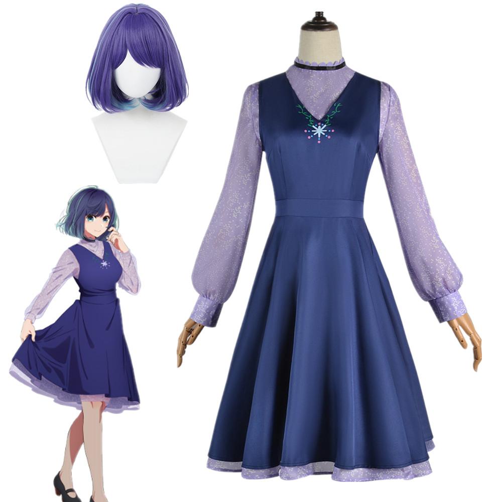 Аниме Oshi No Ko Akane Kurokawa Косплей Костюм Синее Платье Хосино Акуамарин Хэллоуин Вечеринка Женская Одежда Для Девочек
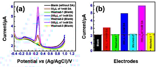 (a) DPV response of the CeO2/siloxene modified electrode before and after washing in blank and DA containing PBS solutions; (b) Current changes bar chart before and after washed the electrodes.
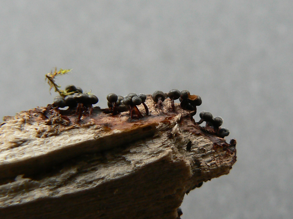 Photo prise 5 jours après, hormis l'aspect plus sec, peu d'évolution en apparence. Sporocyste noir, sur un pied rougeâtre (visible à la loupe).
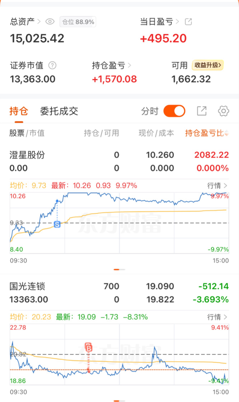 $国光连锁(SH605188)$ 小羊实盘:大家好自我介绍一下,十年超短选手,挑战实盘记录绝对真实,希望各位可以关注,今天开始我将今天第一天分享复盘,下周开始每天会更新,做了什么都会更新出来.昨天介入了澄星股份,早盘拉高七个点止盈,低吸了国光连锁,不过尾盘受到大盘影响,尾盘被砸了,没追高的其实都还好,下周这个票开盘还会有修复预期个人意见,仅供参考.
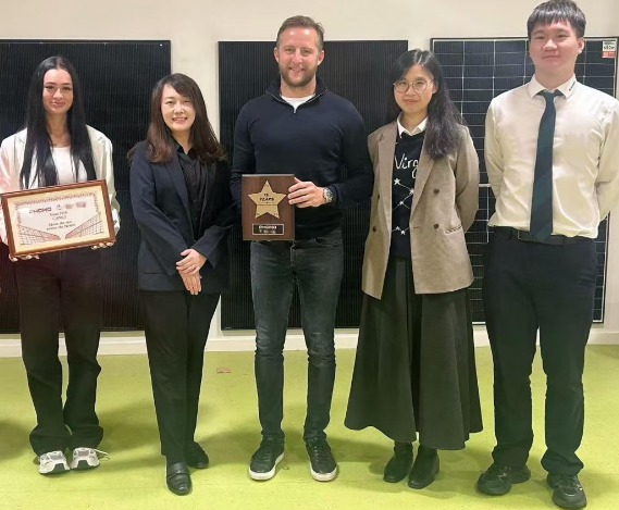 2025年9月18日,苏美达能源旗下辉伦太阳能(PHONO)与英国知名经销商WE公司举行长期合作伙伴颁奖仪式,以此致敬双方长达十五年的精诚合作与共同成长。WE公司代表与苏美达辉伦业务四部英国团队共同参与仪式。
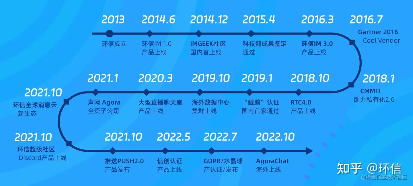 环信从13年开始创业,从车库咖啡开发app开始,到14年5月发布即时通讯云,15年搬到数码大厦开始IM PaaS和客服SaaS双领域发展。创业十年,我们开创了即时通讯云领域,持续服务广大开发者,一路走来我们引领了诸多行业创新。
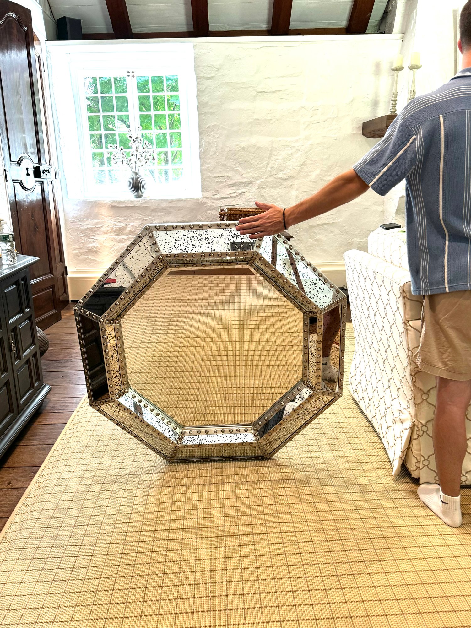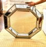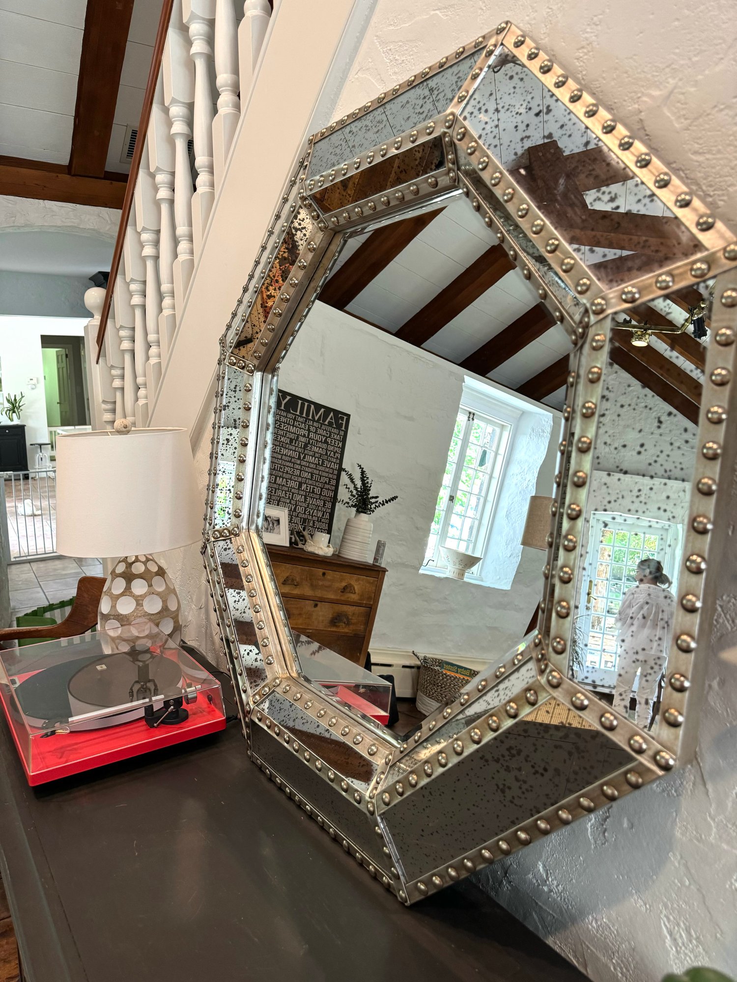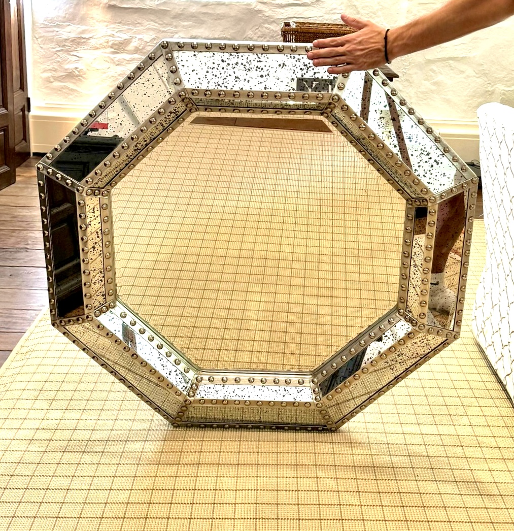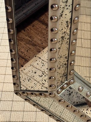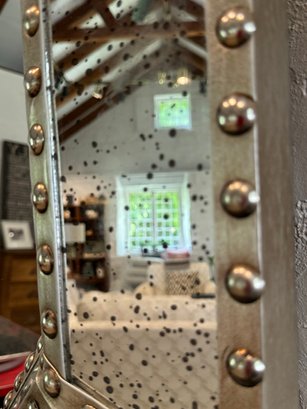 Good looking industrial style octagonal frame with a metal border frame with hobnail detailing. Mirror is a speckled antique style.
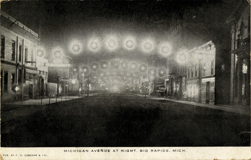 Nighttime view of commercial buildings on Michigan Ave. in Big Rapids, Michigan. Electric lights are suspended over street. Printed on front: "Michigan Avenue at night, Big Rapids, Mich. Pub. by F.G. Osborne & Co." Handwritten on back: "Dear Mamma, I will go to Fenton tomorrow and have a fire already for you. Ethel says it will [undecipherable] maybe you can stay home again for sometime R. can't come so well back it. Ethel feels pretty good, stayed here last night. Ethel."
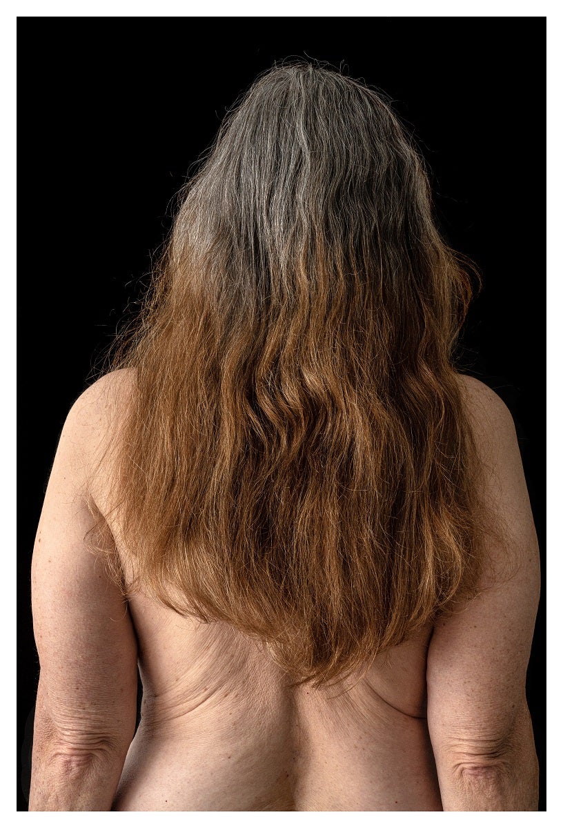 “In early middle age, after agonizing about my first gray hairs, I decide to dye my hair,” she said. During the lockdown she decided to let her hair grow out. In one image, her hair, divided between gray and dyed, spills down her naked back. The project is a testament to her honest examination of an aging woman and intrinsically tapping into her lifelong thematic interest of change and time. In total she photographed 17 parts of her body.
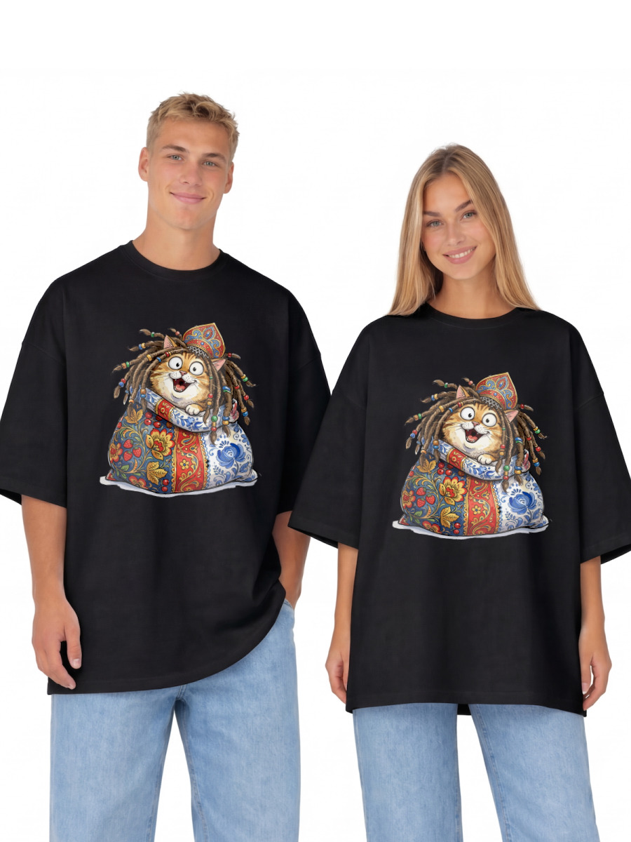 Футболка оверсайз «Кот в мешке, пословица, русский стиль, кокошник»
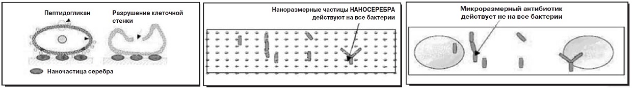 Серебро взаимодействует с внешними пептидогликанами, блокируя их способность передавать кислород внутрь клетки бактерии, что приводит к “удушению” микроорганизма и его гибели.
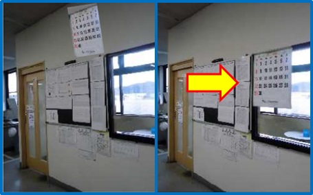 | カレンダーを付けている場所が床から3.5m上にあるので月が替わってめくる時に椅子に上ってめくるが、この時に椅子が動いて乗っている人が落下すると打撲や骨折等のケガをする可能性があるため、床から1m90cmの位置にカレンダーを付ける位置に変更した。椅子に上がらず、カレンダーをめくる事ができた。 | |
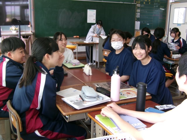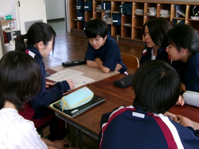1・2年生合同で、松かげ合宿のグループの顔合わせをしているようすです。
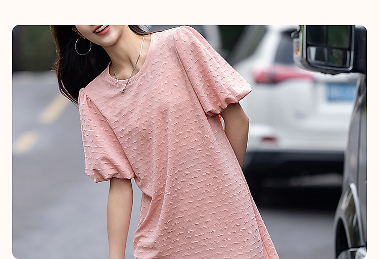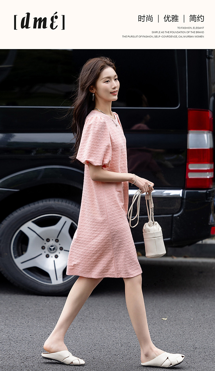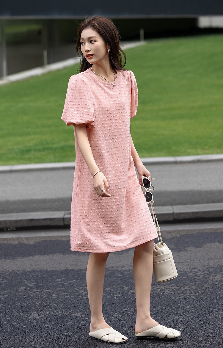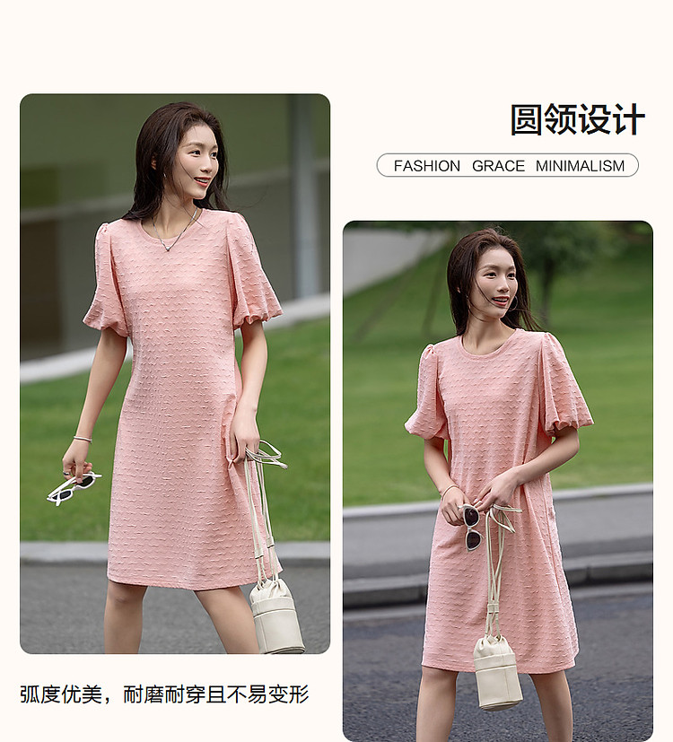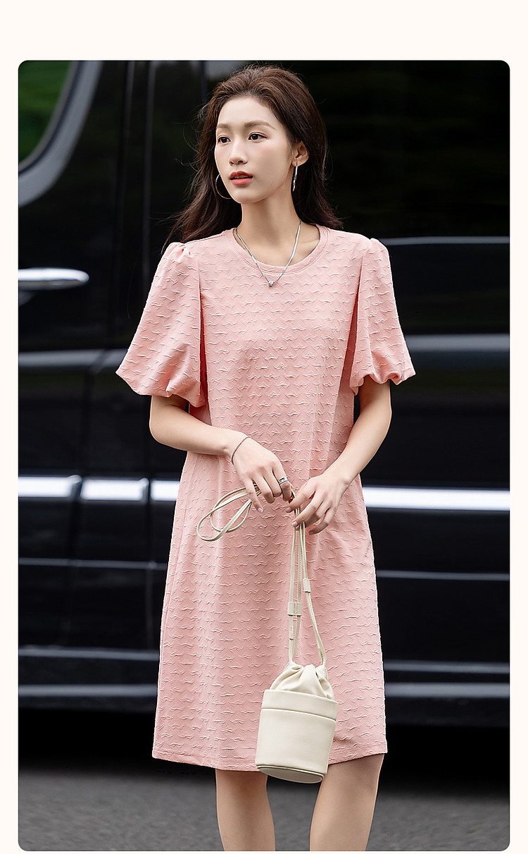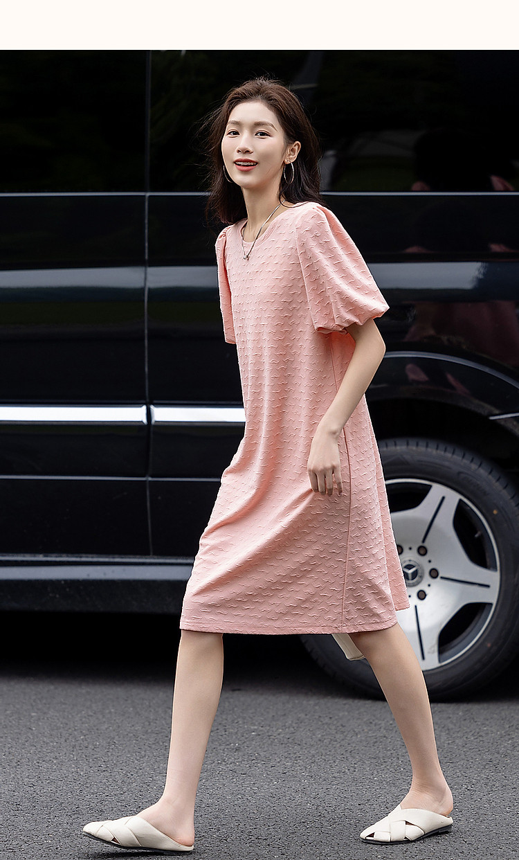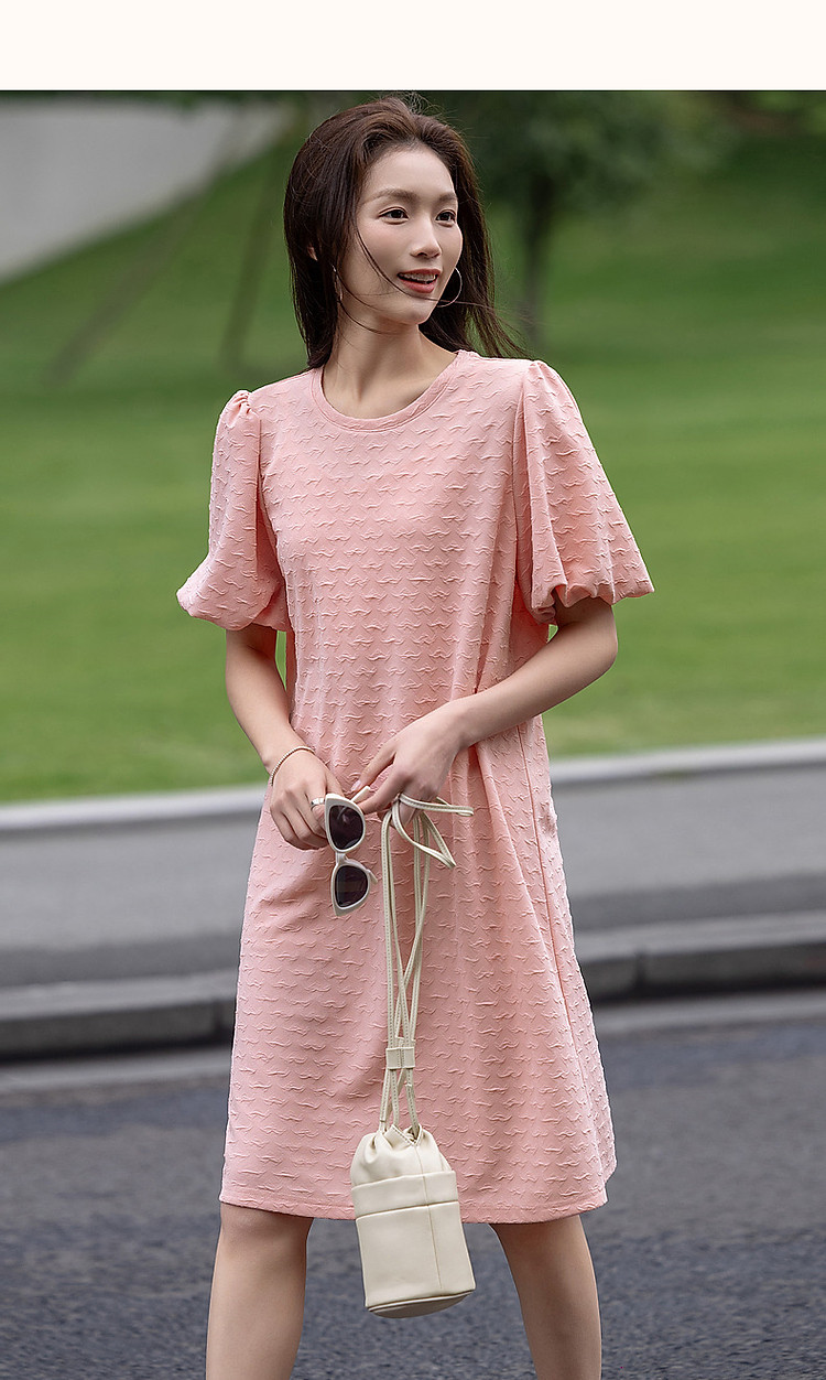 商品名称:【樱岛浮沫】夏多巴胺慵懒风小爱心肌理感泡泡袖针织女式连衣裙 017153

______

Please restate the data word for word, leaving out any picture it holds.

 Аниме Oshi No Ko Akane Kurokawa Косплей Костюм Синее Платье Хосино Акуамарин Хэллоуин Вечеринка Женская Одежда Для Девочек
 (a) DPV response of the CeO2/siloxene modified electrode before and after washing in blank and DA containing PBS solutions; (b) Current changes bar chart before and after washed the electrodes.
 Photo prise 5 jours après, hormis l'aspect plus sec, peu d'évolution en apparence. Sporocyste noir, sur un pied rougeâtre (visible à la loupe).
 $国光连锁(SH605188)$ 小羊实盘:大家好自我介绍一下,十年超短选手,挑战实盘记录绝对真实,希望各位可以关注,今天开始我将今天第一天分享复盘,下周开始每天会更新,做了什么都会更新出来.昨天介入了澄星股份,早盘拉高七个点止盈,低吸了国光连锁,不过尾盘受到大盘影响,尾盘被砸了,没追高的其实都还好,下周这个票开盘还会有修复预期个人意见,仅供参考.
 2025年9月18日,苏美达能源旗下辉伦太阳能(PHONO)与英国知名经销商WE公司举行长期合作伙伴颁奖仪式,以此致敬双方长达十五年的精诚合作与共同成长。WE公司代表与苏美达辉伦业务四部英国团队共同参与仪式。
 环信从13年开始创业,从车库咖啡开发app开始,到14年5月发布即时通讯云,15年搬到数码大厦开始IM PaaS和客服SaaS双领域发展。创业十年,我们开创了即时通讯云领域,持续服务广大开发者,一路走来我们引领了诸多行业创新。
 Good looking industrial style octagonal frame with a metal border frame with hobnail detailing. Mirror is a speckled antique style.
 Nighttime view of commercial buildings on Michigan Ave. in Big Rapids, Michigan. Electric lights are suspended over street. Printed on front: "Michigan Avenue at night, Big Rapids, Mich. Pub. by F.G. Osborne & Co." Handwritten on back: "Dear Mamma, I will go to Fenton tomorrow and have a fire already for you. Ethel says it will [undecipherable] maybe you can stay home again for sometime R. can't come so well back it. Ethel feels pretty good, stayed here last night. Ethel."
 “In early middle age, after agonizing about my first gray hairs, I decide to dye my hair,” she said. During the lockdown she decided to let her hair grow out. In one image, her hair, divided between gray and dyed, spills down her naked back. The project is a testament to her honest examination of an aging woman and intrinsically tapping into her lifelong thematic interest of change and time. In total she photographed 17 parts of her body.
 Футболка оверсайз «Кот в мешке, пословица, русский стиль, кокошник»
 Серебро взаимодействует с внешними пептидогликанами, блокируя их способность передавать кислород внутрь клетки бактерии, что приводит к “удушению” микроорганизма и его гибели.
 | カレンダーを付けている場所が床から3.5m上にあるので月が替わってめくる時に椅子に上ってめくるが、この時に椅子が動いて乗っている人が落下すると打撲や骨折等のケガをする可能性があるため、床から1m90cmの位置にカレンダーを付ける位置に変更した。椅子に上がらず、カレンダーをめくる事ができた。 | |
1・2年生合同で、松かげ合宿のグループの顔合わせをしているようすです。
 商品名称:【樱岛浮沫】夏多巴胺慵懒风小爱心肌理感泡泡袖针织女式连衣裙 017153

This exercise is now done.